MasterOSkillio posted:

HI everyone, I have a question, and I am not sure if this is the right place for it, so if I need to switch up the post please let me know. My Dad contacted me the other day about my grandmother’s house and an issue with thermostats. Apparently, the heat there is all electric and there’s a crazy total of 8 old mechanical thermostats in 8 different rooms. This isn’t a big house, there aren’t a lot of rooms, just two floors, two bedrooms, a kitchen, a living room, a dining room, and two bathrooms. For some reason in the 70s when they built the house, they did electric heat, and it was common to install a thermostat in every room with the electric heat.

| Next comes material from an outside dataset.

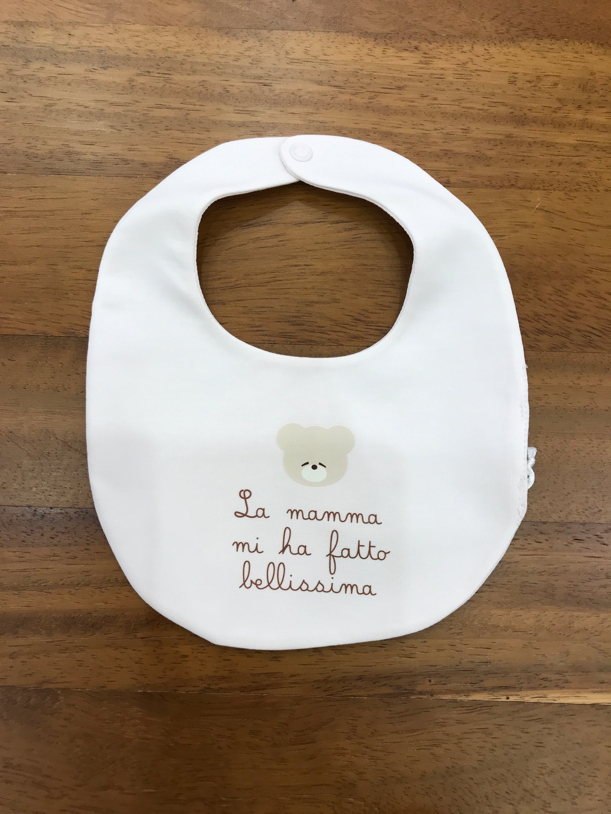 Questo bavaglino è realizzato in morbido cotone e presenta una forma rotonda che garantisce comodità e una vestibilità ottimale. Sul davanti si distingue un delicato orsetto che aggiunge un tocco di dolcezza, accompagnato dalla scritta "la mamma mi ha fatto bellissima" che dona un carattere unico e speciale al capo. Ideale per proteggere i più piccoli durante i pasti con stile e praticità.

Either way he was looking to install a thermostat that could control all the rooms remotely via a phone, I have had good results with a Nest in the past, but electrical heat is a high voltage system (120v/240v) to the current thermostats, not a 12 volt like the Nest would use to connect to a gas or oil heat furnace and even then I am not sure how I could get it to control 8 separate rooms with electric baseboard heaters from a phone. Is there a way I can do this or a better option specifically for homes with electric heat?? Even if I have to get 8 separate thermostats could I get something like a RC840T-240? Or what type of other gadget do I need?

Okay, old post I'm responding to, but no one else has - I went through this last year.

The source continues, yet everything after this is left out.